German re-trial over asylum seeker bed death

12th January 2011, Comments 0 comments

The re-trial of a German police officer charged with complicity in the death of an asylum seeker from Sierra Leone began Thursday as his family and campaigners held a vigil inside.

A federal court had one year ago thrown out the acquittal in December 2008 of the now 50-year-old defendant, identified only as Andreas S., and ordered a new trial.

Oury Jalloh, also known as Ouri Jallow, died on January 7, 2005 in Dessau police station in eastern Germany after the mattress cover on the bed he was cuffed to in a cell caught fire.

Police said that Jalloh, arrested after two women alleged he had harassed them while drunk and shackled because he was violent, set fire to the mattress cover himself with a cigarette lighter although his hands were restrained.

A subsequent probe found that he died within two minutes of smoke inhalation.

In a ruling that prompted outrage at the time, a regional court cleared the policeman in charge of the station of causing bodily harm with fatal consequences for not acting sooner after a smoke alarm had gone off.

But the federal appeal court ruled last January, on the fifth anniversary of Jalloh's death, that the regional court failed to take into account that the smoke alarm would have sounded as soon as the mattress cover caught fire.

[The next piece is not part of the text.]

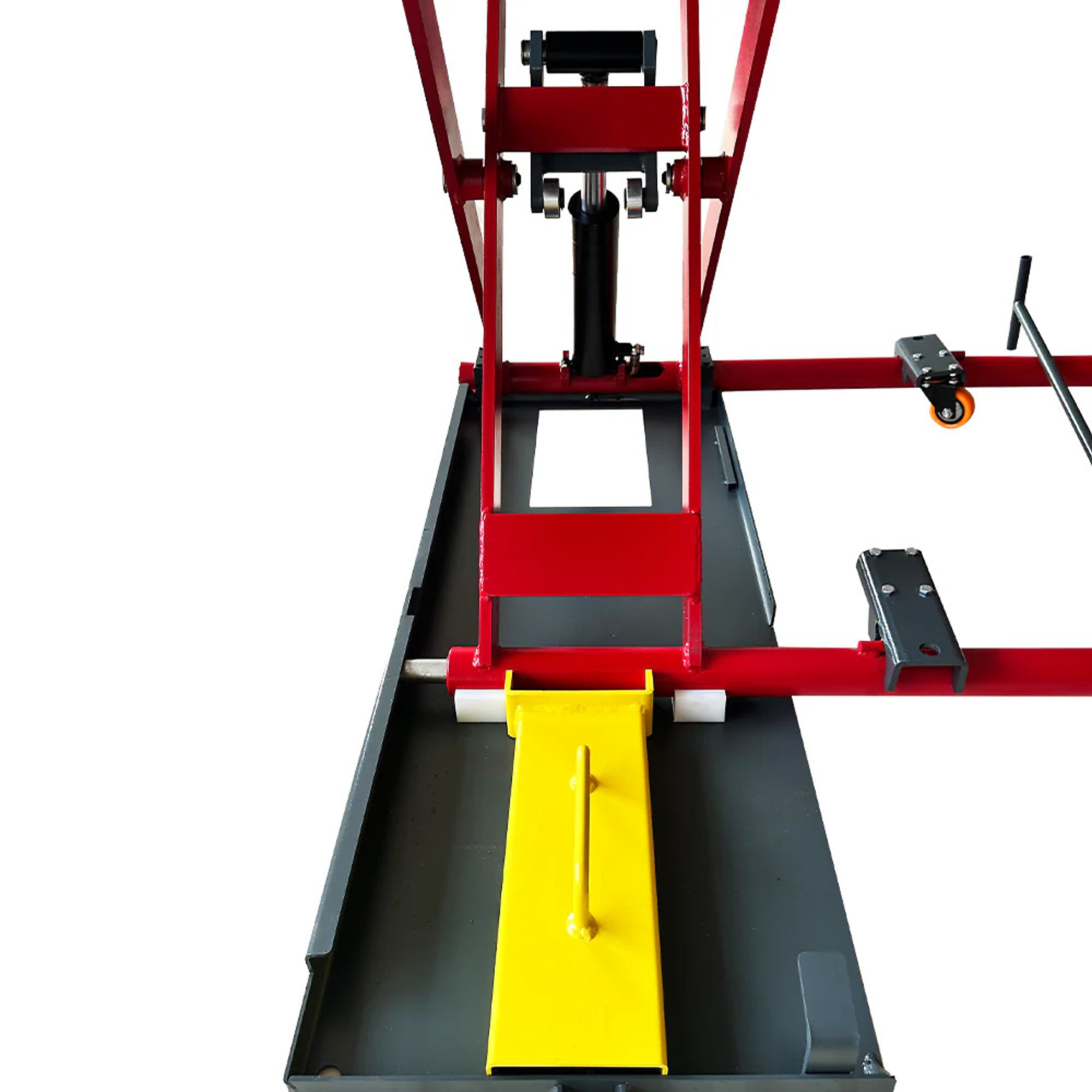 Full hydraulic system inspection. Replace hydraulic fluid if discolored. Check all pivot pins for wear. Inspect platform surface for damage or warping.

It also said that Andreas S. should have been able to hear Jalloh's screams via the intercom system.

As he read out the charges Wednesday, state prosecutor Christian Preissner said that Andreas S. had switched off the smoke alarm twice while Jalloh was dying in his cell.

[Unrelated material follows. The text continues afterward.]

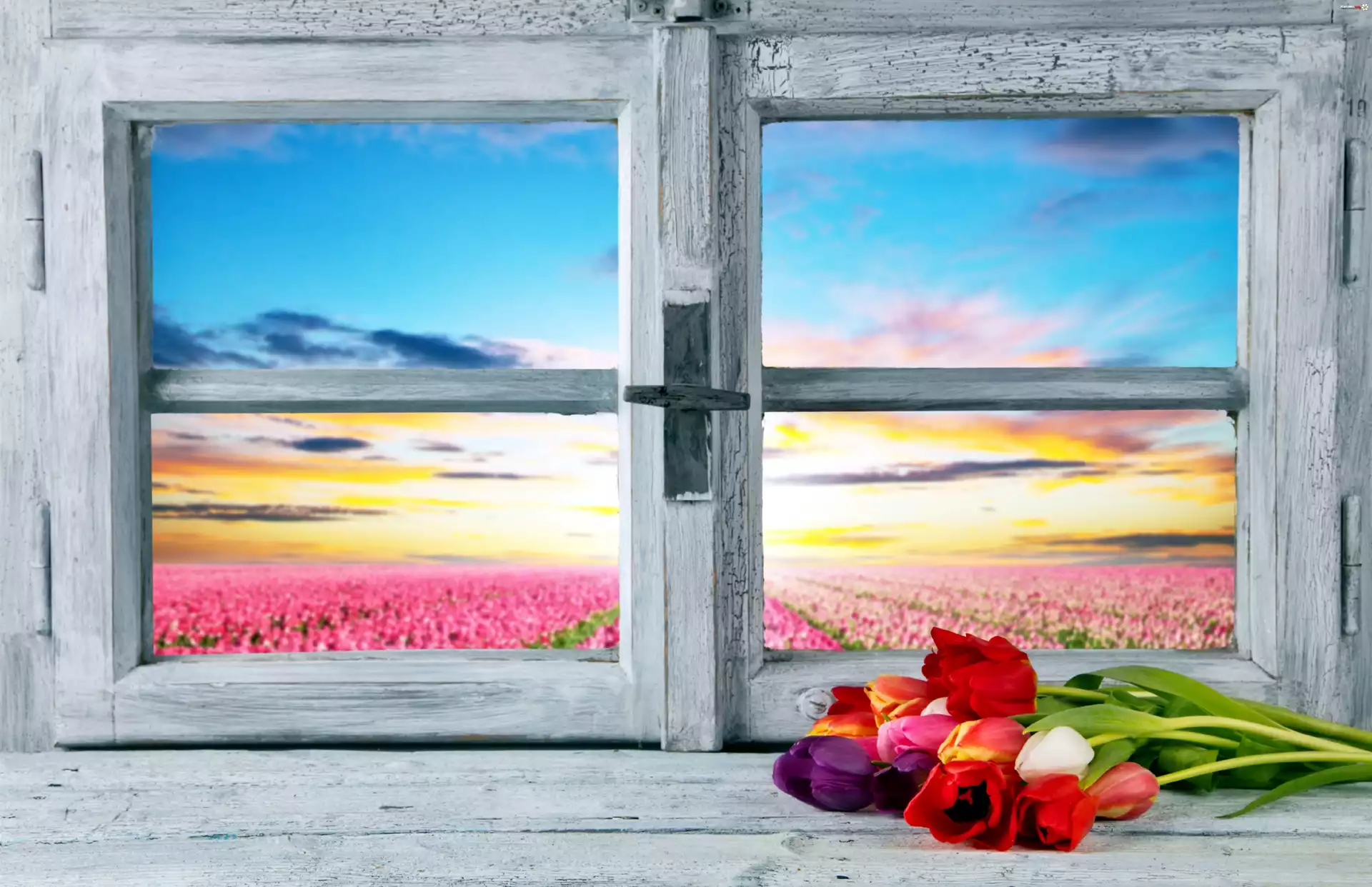Kwiat Bukiet, Kolorowych, Tulipanów, Okno, Widok, Na, Pole

"He accepted the fact that Oury Jalloh's could be hurt," Preissner said of the defendant.

Andreas S., who declined to address the court Wednesday, issued a statement before the trial in which he said that he was not guilty and was unable to prevent Jalloh's death.

Gabriele Heinecke, a lawyer representing Jalloh's brother and mother, who are co-plaintiffs in the case, demanded a search for truth "without taboos" in the new trial, including an investigation into whether someone else had set the mattress alight.

Meanwhile outside the court, Eddie Bruce-Jones of the Oury Jalloh Independent Commission on Police Brutality and Due Process in Germany, who travelled from London to follow the trial, called on authorities to shed more light on the case.

"The police need to stop stonewalling," he said.